Human immunodeficiency virus (HIV) infection is a viral infection that progressively destroys the white blood cells and causes acquired immunodeficiency syndrome (AIDS).

Only about 2% of the people infected with HIV in the United States are children or adolescents. Worldwide, HIV is a much more common problem in children.

The two human immunodeficiency viruses--HIV-1 and HIV-2--progressively destroy certain types of white blood cells called lymphocytes, which are an important part of the body's immune defenses. When these lymphocytes are destroyed, the body becomes susceptible to attack by many other infectious organisms. Many of the symptoms and complications of HIV infection, including death,are the result of these other infections and not of the HIV infection itself. HIV infection may lead to various troublesome infections with organisms that do not ordinarily infect healthy people. These are termed opportunistic infections; these infections may result from viruses, parasites, and--in children, unlike in adults--bacteria.

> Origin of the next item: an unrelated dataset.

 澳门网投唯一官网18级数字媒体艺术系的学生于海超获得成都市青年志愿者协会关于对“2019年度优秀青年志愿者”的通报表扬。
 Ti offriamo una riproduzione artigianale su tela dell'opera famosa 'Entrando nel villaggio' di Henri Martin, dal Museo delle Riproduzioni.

Acquired immunodeficiency syndrome (AIDS) is the most severe form of HIV infection. A child with HIV infection is considered to have AIDS when at least one complicating illness develops or there is a significant decline in the body's ability to defend itself from infection.

Transmission of Infection

In young children, HIV infection is nearly always acquired from the mother. Less than 7% of children now living with AIDS acquired the infection from other sources, including blood transfusion (from blood products used to treat hemophilia) or sexual abuse. Because of improved safety measures in blood and blood products, very few current infections result from these mechanisms.

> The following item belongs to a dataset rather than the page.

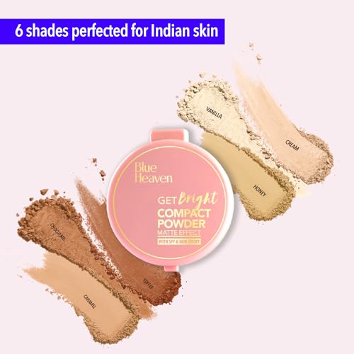 Blue Heaven Get Bright All Skin Compact Powder For Women With Spf Sun Protection, Non Sticky, Oil Free, Matte Finish Light Weight Formula, Vanilla,16 Grams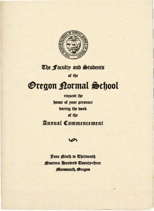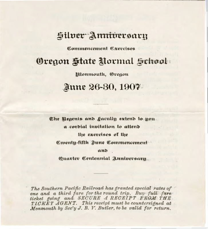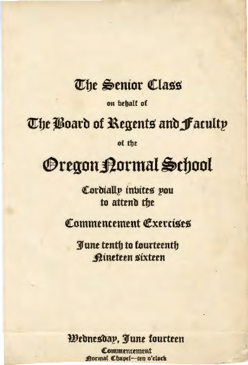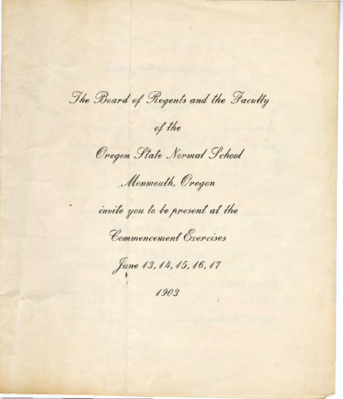 Commencement Invitation from Faculty for Oregon State Normal School 1903

As many as 7,000 HIV-infected women give birth each year in the United States. Without preventive measures, one fourth to one third of them would transmit the infection to their baby. The risk is highest in mothers who acquire the infection during pregnancy, who have more virus in their bodies, or who are severely ill. Transmission often takes place during labor and delivery.

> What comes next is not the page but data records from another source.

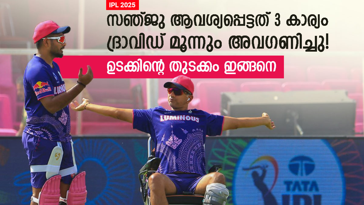 ഇത്തവണത്തെ രാജസ്ഥാന്റെ പിന്നോട്ട് പോക്കിന്റെ പ്രധാന കാരണം ടീമിന്റെ മെഗാ ലേലത്തിലെ മണ്ടന് പദ്ധതികളും ദ്രാവിഡും സഞ്ജുവും തമ്മിലുള്ള അഭിപ്രായ ഭിന്നതയുമാണ്. നിലവില് സഞ്ജുവും ദ്രാവിഡും തമ്മില് അത്ര നല്ല ബന്ധത്തിലല്ലെന്നാണ് സമീപകാല സംഭവങ്ങള് വ്യക്തമാക്കുന്നത്. സഞ്ജുവിനെ രാജസ്ഥാനിലേക്ക് കൊണ്ടുവന്നത് ദ്രാവിഡാണ്. എന്നിട്ടും ഇരുവരും തമ്മിലുള്ള ബന്ധം ഇപ്പോള് മോശമാവാനുള്ള കാരണം എന്താണ്?. പരിശോധിക്കാം.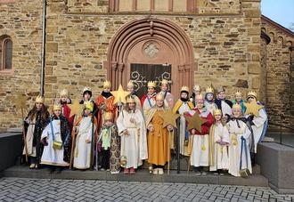 Seit Weihnachten waren viele Kinder und Jugendliche in der Pfarrei St. Peter und Paul Bad Camberg bei jedem Wetter - Sonne, Regen oder Schnee - in den Kirchorten unterwegs unter dem Motto "Erhebt Eure Stimme! - Sternsingen für Kinderrechte". Als Heilige Drei Könige brachten sie den Weihnachtssegen in die Häuser. Pfarrer Wichmann verglich die jungen Menschen mit Influencern, die über den eigenen Tellerrand hinausblicken: Durch das Sammeln werden Projekte zur Durchsetzung und Stärkung von Kinderrechten weltweit gefördert. So bringen die Sternsinger*innen nicht nur den Segen, sie werden auch zum Segen für unzählige Kinder weltweit!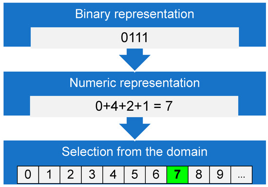 Exemplary selection from the domain 0…15 by 4 bits of digital information. The binary coding and the meaning of each possible number 0…15 must be clear to the participants of the digital communication.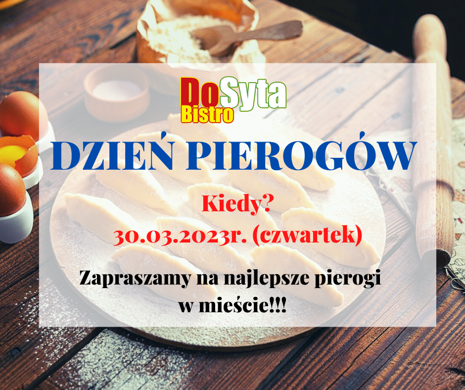Bistro do Syta po raz kolejny zaprasza na przepyszne pierogi domowej roboty! Dzień Pierogów już w najbliższy czwartek 30 marca.

The virus also can be transmitted in breast milk; 10 to 15% of babies not infected at birth acquire HIV infection if they breastfeed from an HIV-infected mother. Most often, transmission occurs in the first few weeks or months of life, although transmission may occur later. Transmission is more likely in mothers who acquire the infection while breastfeeding or who have infection of the breast (mastitis).

In adolescents, transmission is the same as in adults: through sexual intercourse--both heterosexual and homosexual--and through sharing of infected needles while injecting drugs.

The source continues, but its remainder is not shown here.